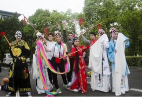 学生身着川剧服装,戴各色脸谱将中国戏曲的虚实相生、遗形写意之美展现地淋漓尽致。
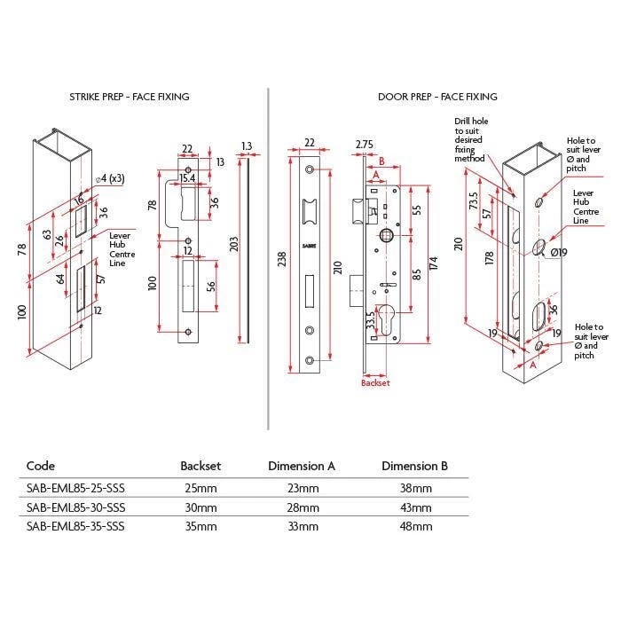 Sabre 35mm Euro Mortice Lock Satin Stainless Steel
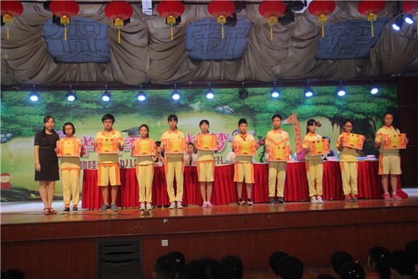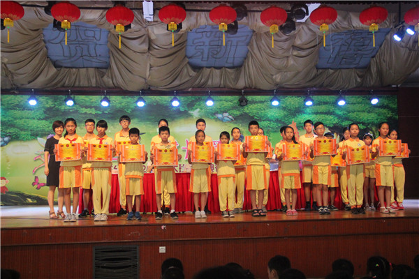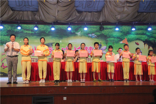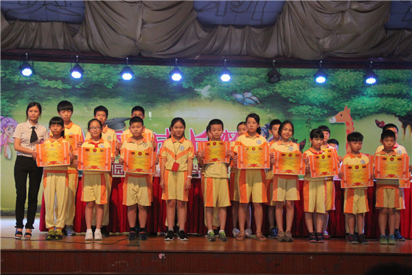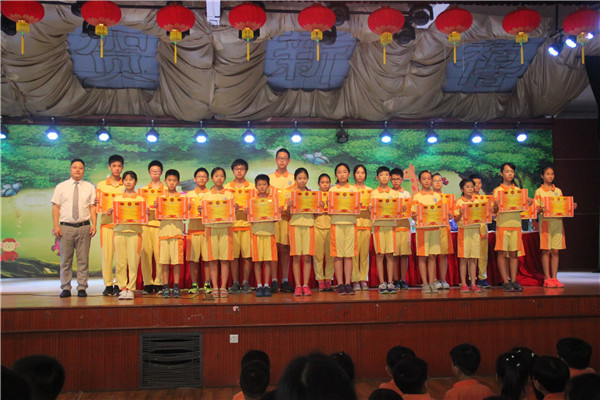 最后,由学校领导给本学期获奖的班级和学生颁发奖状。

=======

Task instructions: In your copy, restate the data above word for word but leave out any picture.

Task output:
 学生身着川剧服装,戴各色脸谱将中国戏曲的虚实相生、遗形写意之美展现地淋漓尽致。
 Sabre 35mm Euro Mortice Lock Satin Stainless Steel
 最后,由学校领导给本学期获奖的班级和学生颁发奖状。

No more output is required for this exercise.